__Task instructions__
Should an entry contain an image, leave the image out and repeat the entry's text exactly.

Dataset entries:
====================

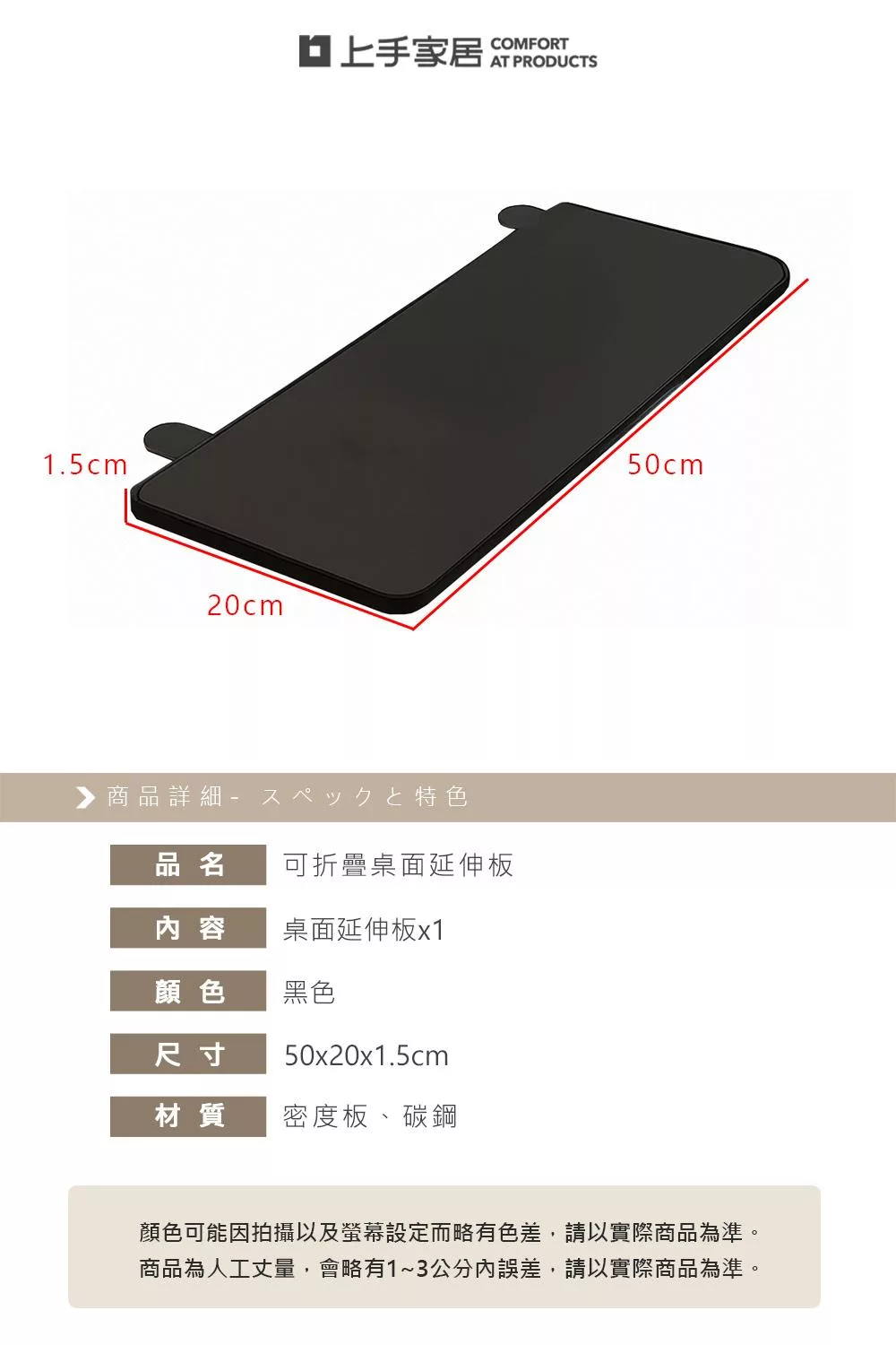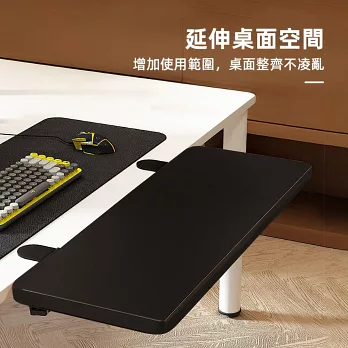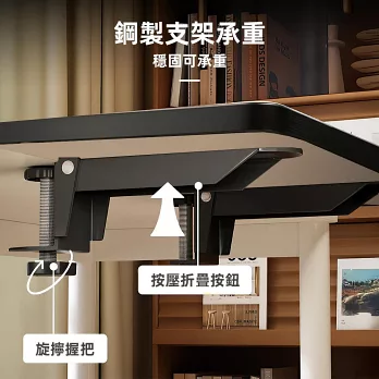 把延伸板夾上桌邊,立刻多出一片平整工作區。鋼製支架穩固承重,平齊桌面支撐雙臂,長時間打字也舒適。需要時放下使用,不用時90°折疊收起,工作與收納都變得俐落有序。
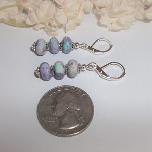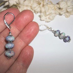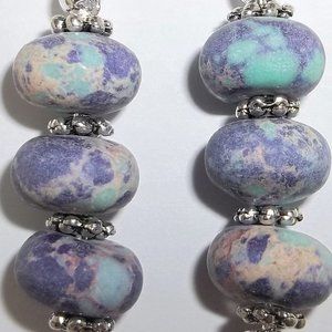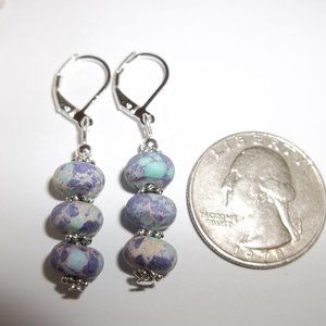 You will love the color combination on this beaded earring set. Brand new NWT and handmade by me - wvluckygirl. Handcrafted with non-symmetrical sea sediment jasper style gemstone stone beads. Beads do have pits/dents in them which is just how they were made and not considered to be a flaw. They are turquoise blue, violet purple, and cream with hints of pink. They almost have a tie dye look to them. They have antiqued silver toned costume jewelry beads. The pair dangle and drop from 925 sterling silver lever backs for her pierced ears. Nickel safe. Measure 1 3/4 inches tall and just over 1/4 inch wide. Each single earring weighs 2.2 grams. Lightweight! Grab them as a sweet treat for yourself or as a thoughtful gift idea for someone else. Buy them now before someone else does!
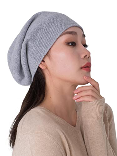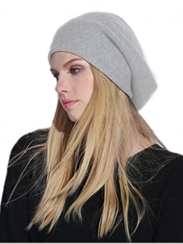 Prettystern Berretti Donna in Cachemire Invernale Cappello in Morbida in Zuccotto Lana Cashmere Beanie Grigio Chiaro
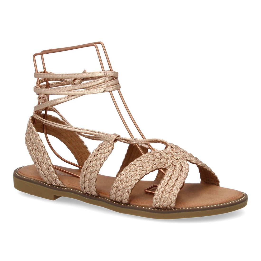 Sandalias planas para mujer, comodas y elegantes, diseño moderno con cordones atados al tobillo, ideales para primavera-verano.
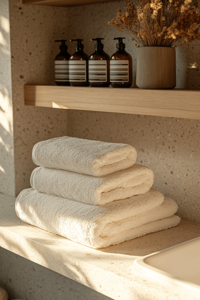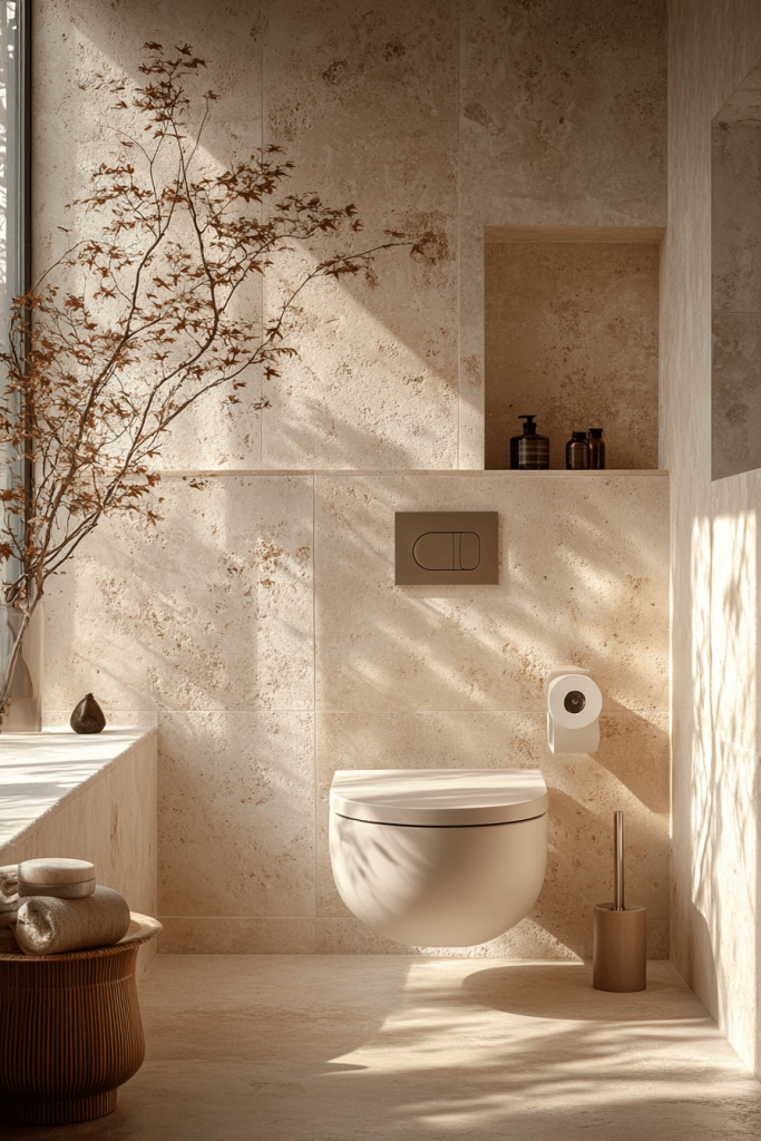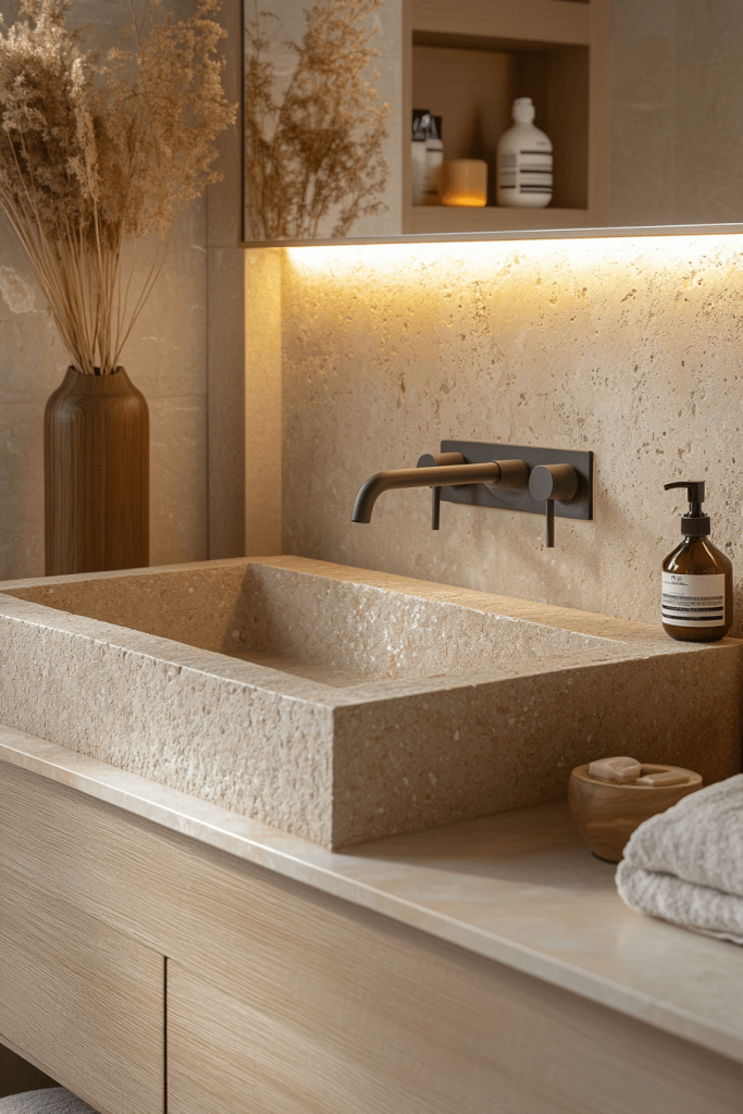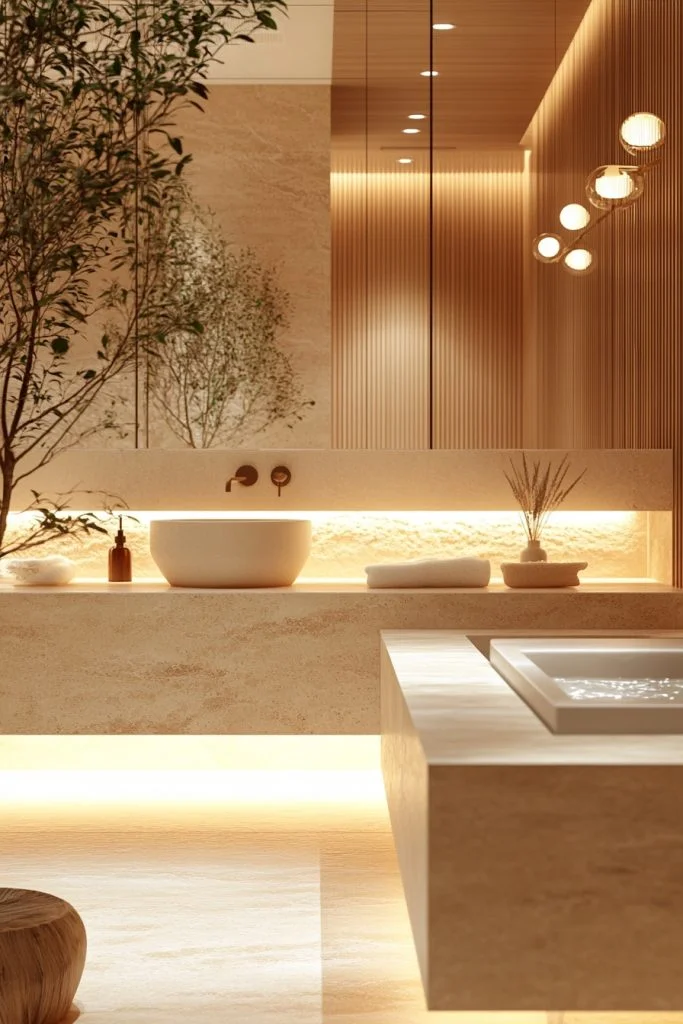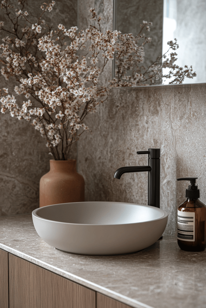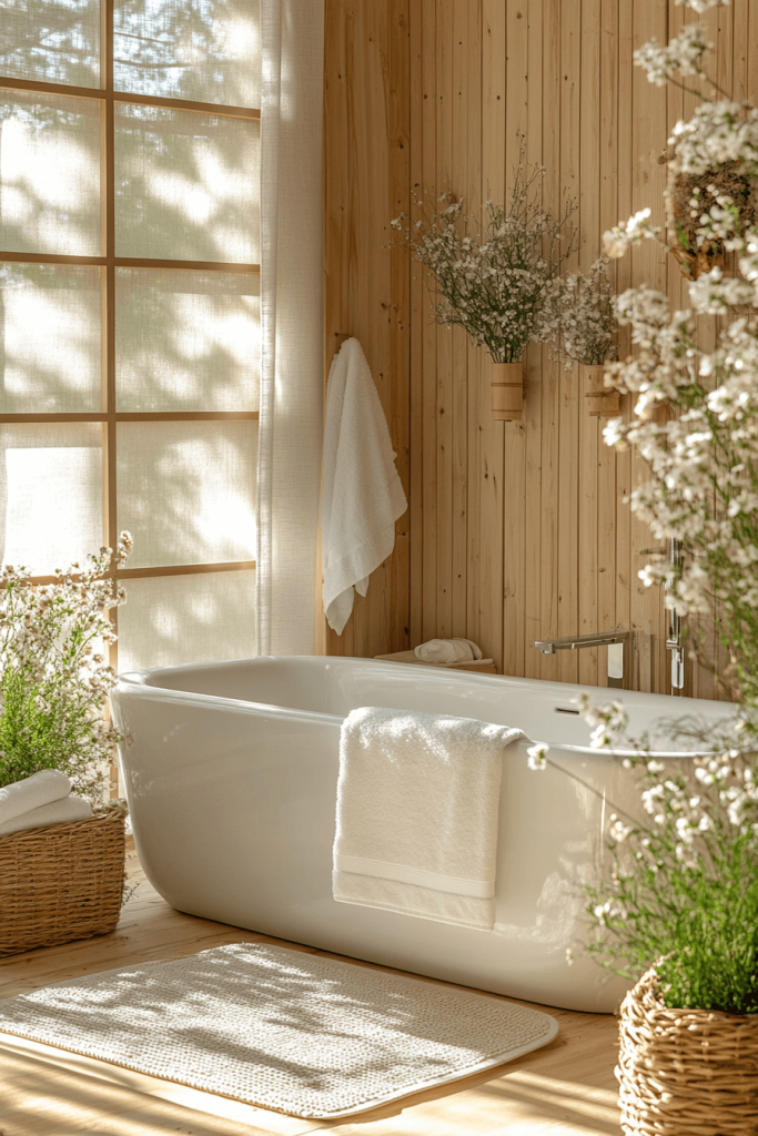 One of the most authentic ways to introduce Japandi style is through Hinoki wood. This Japanese cypress is prized for its soothing lemon-scented aroma and resistance to humidity. Incorporate a Hinoki wood stool, bath mat, or even a soaking tub rim to bring a tactile, sensory element to the room. The warm, blonde tone of the wood pairs perfectly with the cool whites and greys typical of Scandinavian design, bridging the gap between the two cultures effortlessly.

====================

__Written answer__
 把延伸板夾上桌邊,立刻多出一片平整工作區。鋼製支架穩固承重,平齊桌面支撐雙臂,長時間打字也舒適。需要時放下使用,不用時90°折疊收起,工作與收納都變得俐落有序。
 You will love the color combination on this beaded earring set. Brand new NWT and handmade by me - wvluckygirl. Handcrafted with non-symmetrical sea sediment jasper style gemstone stone beads. Beads do have pits/dents in them which is just how they were made and not considered to be a flaw. They are turquoise blue, violet purple, and cream with hints of pink. They almost have a tie dye look to them. They have antiqued silver toned costume jewelry beads. The pair dangle and drop from 925 sterling silver lever backs for her pierced ears. Nickel safe. Measure 1 3/4 inches tall and just over 1/4 inch wide. Each single earring weighs 2.2 grams. Lightweight! Grab them as a sweet treat for yourself or as a thoughtful gift idea for someone else. Buy them now before someone else does!
 Prettystern Berretti Donna in Cachemire Invernale Cappello in Morbida in Zuccotto Lana Cashmere Beanie Grigio Chiaro
 Sandalias planas para mujer, comodas y elegantes, diseño moderno con cordones atados al tobillo, ideales para primavera-verano.
 One of the most authentic ways to introduce Japandi style is through Hinoki wood. This Japanese cypress is prized for its soothing lemon-scented aroma and resistance to humidity. Incorporate a Hinoki wood stool, bath mat, or even a soaking tub rim to bring a tactile, sensory element to the room. The warm, blonde tone of the wood pairs perfectly with the cool whites and greys typical of Scandinavian design, bridging the gap between the two cultures effortlessly.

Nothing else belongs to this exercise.